Los Angeles County
Biographies
GEORGE EDWIN BURNELL
BURNELL, GEORGE EDWIN,
Philosopher, Los Angeles, California, was born in Hartford, Connecticut,
July 9, 1863, the son of Edwin Burnell and
Mary (Malloy) Burnell. He married Mary Irene Lamoreaux at Chicago, Illinois,
November 11, 1891, and to them was born a daughter, Genevieve Mary Burnell.

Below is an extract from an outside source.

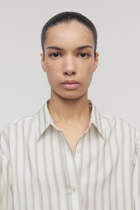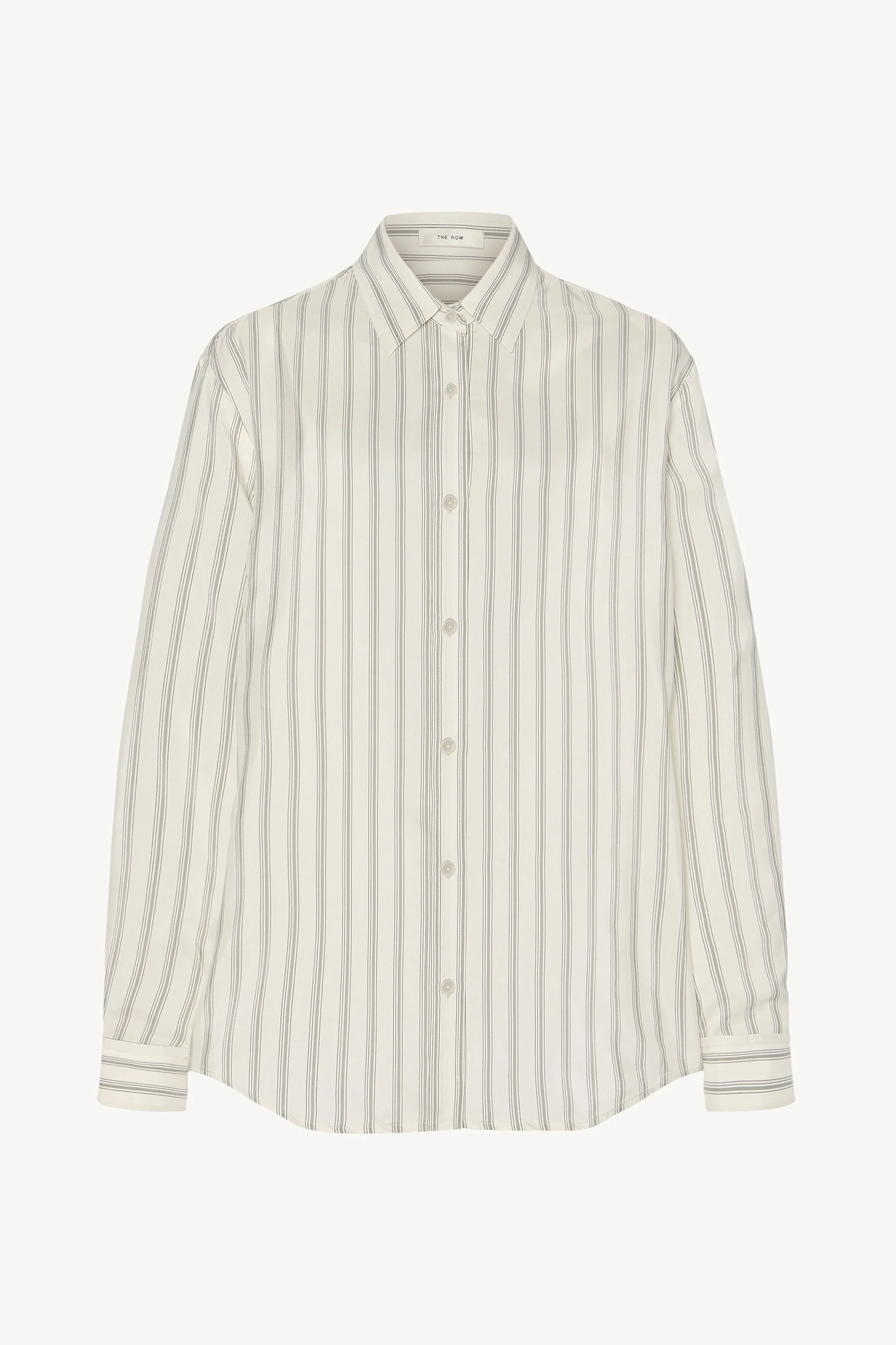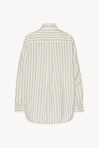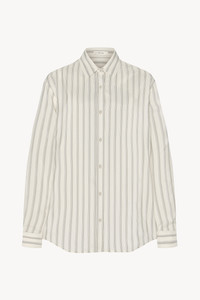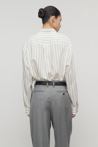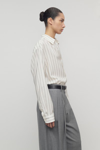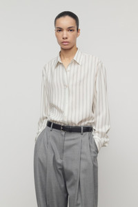 Classic button-up shirt in striped silk poplin with slightly curved hem, center back box pleat, and exposed front placket with mother-of-pearl buttons. More information - 100% Silk - Made in Italy - Style: 10170W4189GST

Mr. Burnell, who is known today
in all parts of the world as one of the leading thinkers of modern times,
received his practical education in the schools of Minneapolis and Chicago. He
was graduated from the High School of the former city and then went to the
University of Minnesota, from which he was graduated with the degree of
B. L. Following this, Mr. Burnell went to
Chicago, where he entered Morgan Park Theological Seminary, with the intention
of studying for the ministry. He was a student there under the late
Dr. William R. Harper, the noted educator who closed his career as
President of Chicago University. Mr. Burnell
also studied at the Union Theological Seminary of Chicago, and while there
devoted much time to the study of the so-called dead languages, such as Hebrew
and Sanscrit.
For more than twenty-five years Mr. Burnell
has devoted himself to a study of metaphysical subjects, with particular
attention to an interpretation of Sacred Literature. His views on this latter
subject have found expression in a series of remarkable lectures, covering a
diversity of subjects which he has treated in a manner so original as to
attract the attention of scholars throughout the world. He was first brought to
public notice when, as a high school student, he was called upon to deliver an
oration on the assassination of President James A. Garfield. His point of
view and method of thought expression, even at that early age, made him an
object of wonder to savants.
The versatility of his mental processes and his prolific
ability have increased steadily since that time, until today there are of
record more than one thousand reports on various subjects which he has
discussed in his lectures. To enumerate all of these would require a volume of
space, but a few of the lecture subjects will serve to indicate the power and
extent of Mr. Burnell’s philosophical
researches. Among them are:
“Administry,” “Aphorism XV:
Science of Faith”; “Challenge: Chargement of Soul”; “Churning:
Aryan Justice Classic”; “Crucifixion: Cosmic Tragedy”; “Grail Cup: Tragedy of
England”; “Hamlet: Study in Insanity”; “Jalalud Din:
Dynamic Man”; “Meditation: Isolation”; “Merlin: Gospel of Adventure”; “Nibblers:
Mental Lockjaw”; “Parsifal: Summoning Innocence”; “Prophets: Their Biological
Value”; “Pentecost: Only in Word Is God”; “Static Theatre: Message of Drama”; “Vyasa: The Immortal.”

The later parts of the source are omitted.